Original transformation into a rally car 
Model speedster: 1912 
Engine 4 cylinders 2900 cm3 (cubic centimeters) 
Power: 22 Ps. 17 Kw 
Max.Speed : 70-80 km/h 
Mileage 22 liters /100km 
Special rear axel 
Wheels with a single support screw 
Without front brake 
Original it was with carbide powered headlights 
No roof no doors no windows 
Disc shaped windshield for driver only 
Beam light night projector


----------



## Spule 4 (Jan 2, 2008)

Shouldn't a pre 1918 T have white-grey tires?


----------



## xo18thfa (Jan 2, 2008)

Wouldn't you love to have one of those for real?


----------



## armorsmith (Jun 1, 2008)

Dave, 

Being as you seem to have a knowledge of Antique cars, what 'ya know about 'Overland' cars.
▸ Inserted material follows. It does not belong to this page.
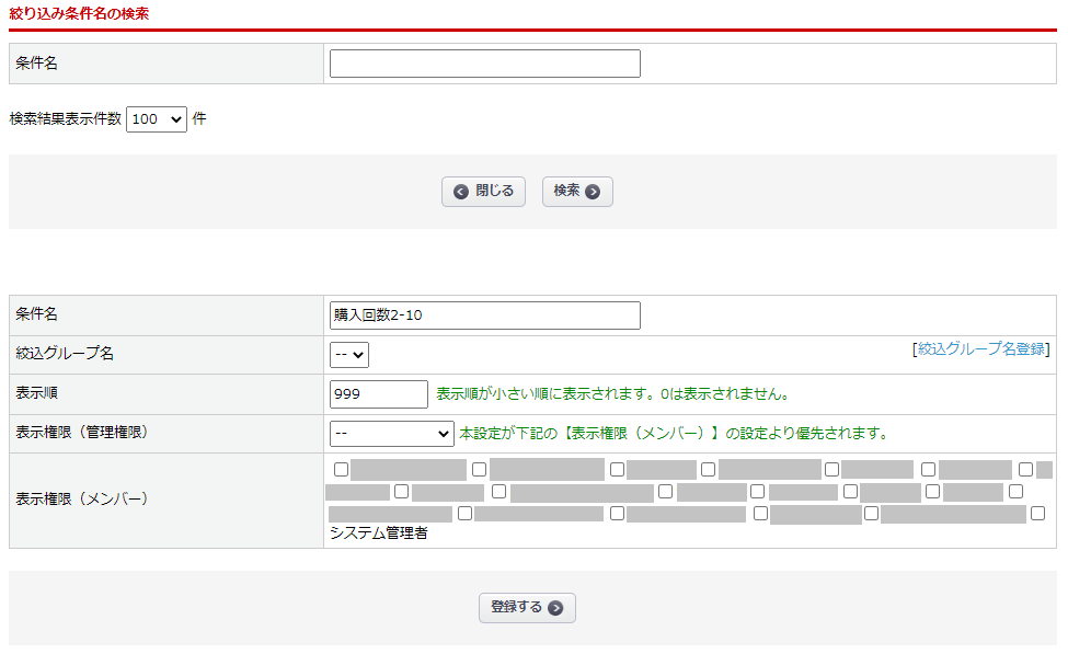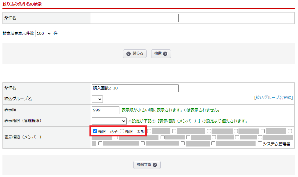 3. 名称、表示順や権限など、変更したい内容を更新して登録します。

A coworker has a 1911 in original condition - beautiful car. 

Bob C.


----------



## Curmudgeon (Jan 11, 2008)

Lost an Overland many years ago....out of Inglewood, California. 
A 1916 Ford and an Overland (later Pontiac). 

A great uncle, reclusive, when the grandparents sold three lots and houses (BIG lots) a couple of blocks south of Hollywood Park Race Track, the garages were empty. 
Nobody knew or could figure out where they went. 

Supposed to go our way. 

That was, oh, early 1960's. 

Big cars.


----------



## SteveC (Jan 2, 2008)

Overland = Willys Overland = Willys-Knight = Kaiser-Jeep Corporation

Oakland = Oakland Motor Car Company (1907-09) = Oakland Motors Division of General Motors Corporation (1909-31); Pontiac 1926: Oakland discontinued 1931


----------



## Curmudgeon (Jan 11, 2008)

Ah, yes. 
It was an Oakland. 

Funny, I have an Overland. 
Says so on the tailgate... 
"Willys Overland"


----------



## Big65Dude (Jan 2, 2008)

Matt -

As long as we're talking about vintage Model T's, (just FYI) I'd like to provide you a link to one of my recent postings elsewhere in these pages: Tin Lizzies

On my models (all 1912's) the acetylene generator (for the headlamps) is on the left-side running board and a battery box is mounted on the right, toward the rear. 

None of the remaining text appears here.